§ **Source material**:
- - -

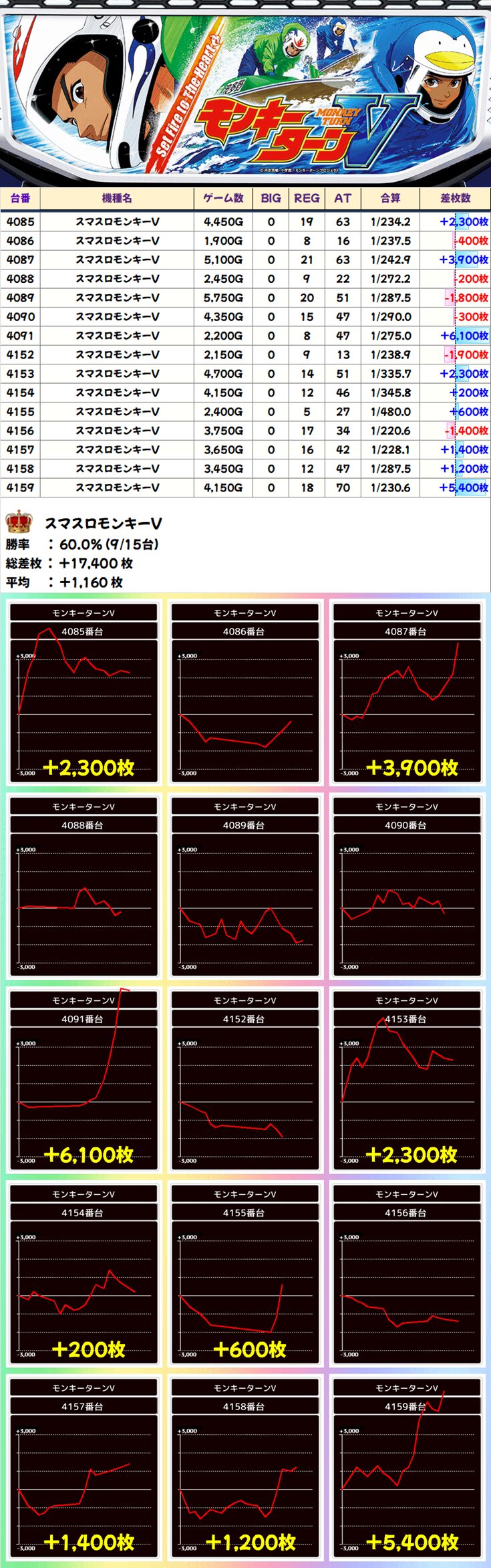 スマスロモンキーV(9/15台+)➡平均+1,183枚
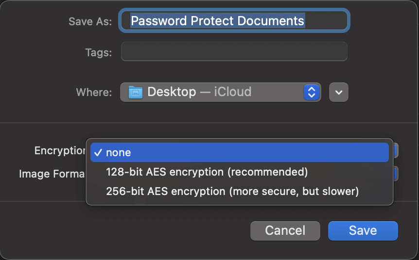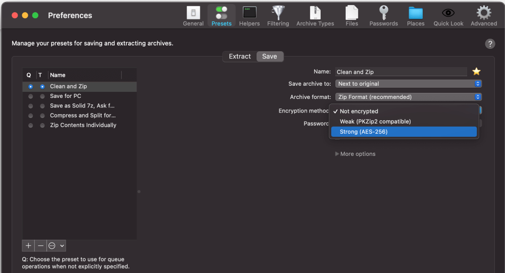 Sadece uygulamayı indirin ve yükleyin veBetterZip Tercihleri. İçindeKaydetmek sekme, farklı seviyelerde şifreleme için seçenekleri özelleştirebilirsiniz.
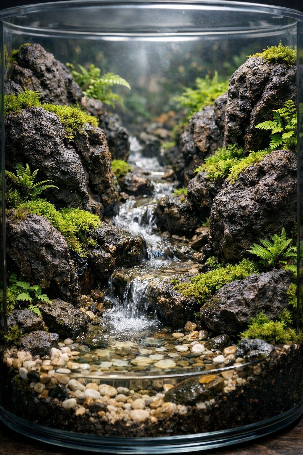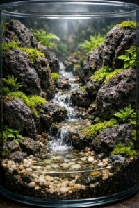 溶岩石で渓流を表現したテラリウム
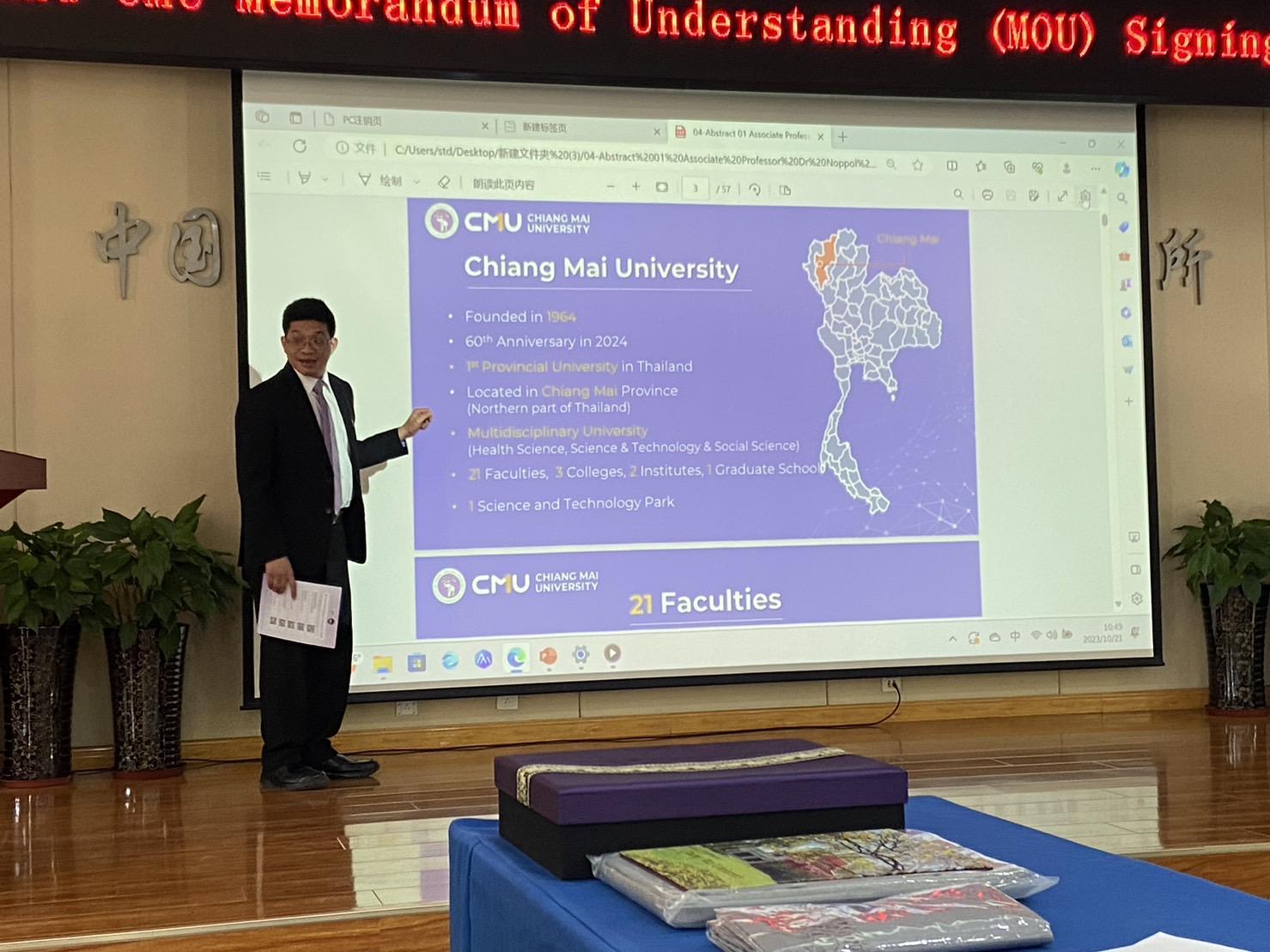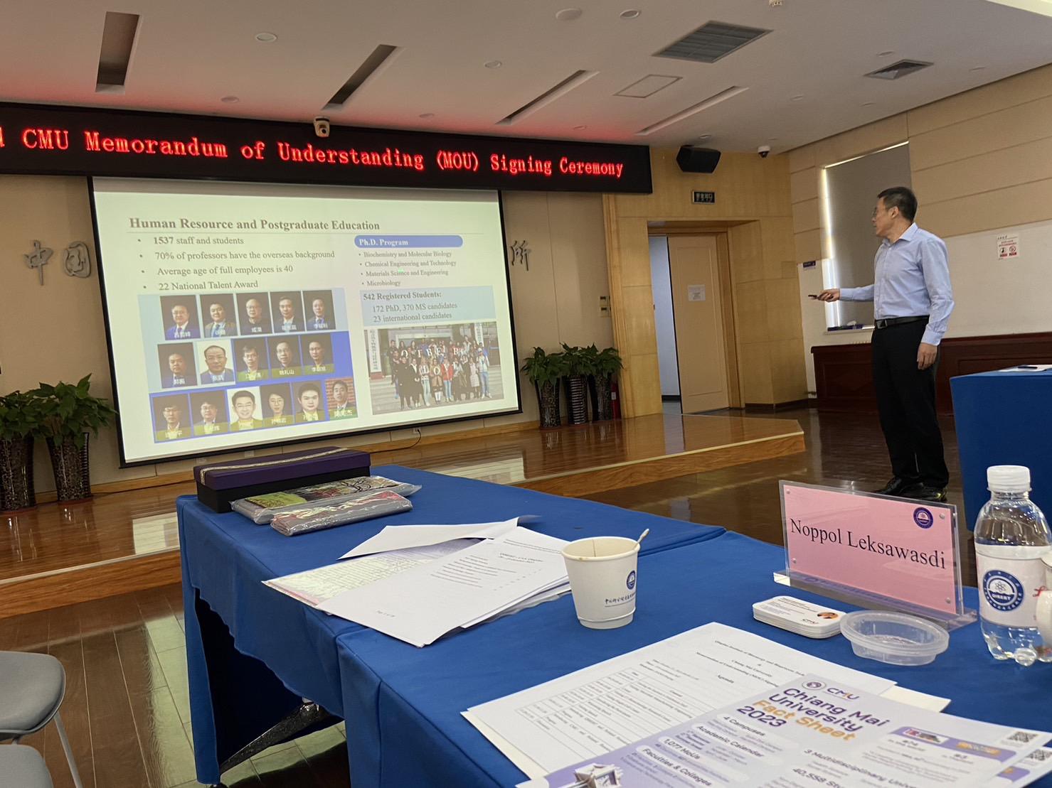 วันที่ 21 ตุลาคม 2566 ผู้ช่วยศาสตราจารย์ ดร.สุจินดา ศรีวัฒนะ คณบดีคณะอุตสาหกรรมเกษตร พร้อมด้วยคณะ นำทีมโดยท่านรองอธิการบดีมหาวิทยาลัยเชียงใหม่ ศาสตราจารย์ปฏิบัติ ดร. ชรินทร์ เตชะพันธุ์ ได้เข้าร่วมพิธีลงนามต่ออายุบันทึกข้อตกลงความร่วมมือทางวิชาการ (MoU Renewal Signing Ceremony) ระหว่าง Qingdao Institute of Bioenergy and Bioprocess Technology, Chinese Academy of Sciences (QIBEBT CAS) กับ Chiang Mai University ณ QIBEBT, Qingdao, China

- - -

§ **Prompt**: Copy nothing but the lines from the line that contains "Sadece uygulamayı indirin" through the end of the listing, exactly, and keep pictures out of it.

§ **Reply**:
 Sadece uygulamayı indirin ve yükleyin veBetterZip Tercihleri. İçindeKaydetmek sekme, farklı seviyelerde şifreleme için seçenekleri özelleştirebilirsiniz.
 溶岩石で渓流を表現したテラリウム
 วันที่ 21 ตุลาคม 2566 ผู้ช่วยศาสตราจารย์ ดร.สุจินดา ศรีวัฒนะ คณบดีคณะอุตสาหกรรมเกษตร พร้อมด้วยคณะ นำทีมโดยท่านรองอธิการบดีมหาวิทยาลัยเชียงใหม่ ศาสตราจารย์ปฏิบัติ ดร. ชรินทร์ เตชะพันธุ์ ได้เข้าร่วมพิธีลงนามต่ออายุบันทึกข้อตกลงความร่วมมือทางวิชาการ (MoU Renewal Signing Ceremony) ระหว่าง Qingdao Institute of Bioenergy and Bioprocess Technology, Chinese Academy of Sciences (QIBEBT CAS) กับ Chiang Mai University ณ QIBEBT, Qingdao, China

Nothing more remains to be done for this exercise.